Sonoma Housing Bubble

Pulling the cork out of Sonoma's bubbly housing foolishness

Sunday, July 16, 2006

PSA from a Mortgage Broker...


My name is Steven Krystofiak, President of the Mortgage Brokers Association for Responsible Lending. www.mbarl.org

I have a letter in a word document form that highlights the risks of the current loan industry unrealized by regulators and economists alike, mainly due to stated income loans.Email me at contact@mbarl.org if you want me to send you a copy.

~ Steve Krystofiak

13 main points in the letter are;

1. Stated income loans are associated with fraud, and started to become popular in 2002.

2. Banks originate these loans because they are profitable and then sell them to reduce their risk.

3. Fraud is encouraged by the banks

4. Stated income loans help no one.

5. Exotic loans originated with stated income are now causing foreclosures or forcing homeowners to refinance into negatively amortized loans.

6. Stated income loans are why home prices have skyrocketed. They have caused a large demand in the US housing supply.
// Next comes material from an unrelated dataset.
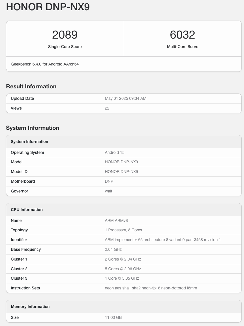 如上图所见,荣耀有一款型号为DNP-NX9的新机现身Geekbench 6后台,12GB运存,单核跑分2089,多核成绩6032,搭载的处理器CPU规格为1*3.05GHz+5*2.96GHz+2*2.04GHz,有博主爆料称其对应荣耀400 Pro,搭载的是骁龙8 Gen3降频版。

7. Banks have sold their loans and have already made their profit. Investors will soon realize stated income loans are too risky and stop purchasing them.

8. Almost anyone can get a stated income loan for $950,000.

9. Stated income loans cost consumers hundreds of dollars a year because of higher interest rates.

10. Stated income loans allow tax cheats to purchase homes easier.

11. Stated income loans are not always faster than fully documented loans.

12. Appraised values are often inflated. Underwriters are basing their decision on inflated home values, inflated incomes and inflated assets. The only “real” number is the FICO (credit) score. This is why underwriters have become focused on FICO scores.

13. Rules are not enough, they must be enforced.

1 Comments:

At 7/17/2006 09:39:00 AM , Anonymous Anonymous said...

i only disagee with point #4,stated income loans can be appropriate for some self employed people who take advantage of all the legal deductions available to them.at a guess,this would be about 5% of borrowers.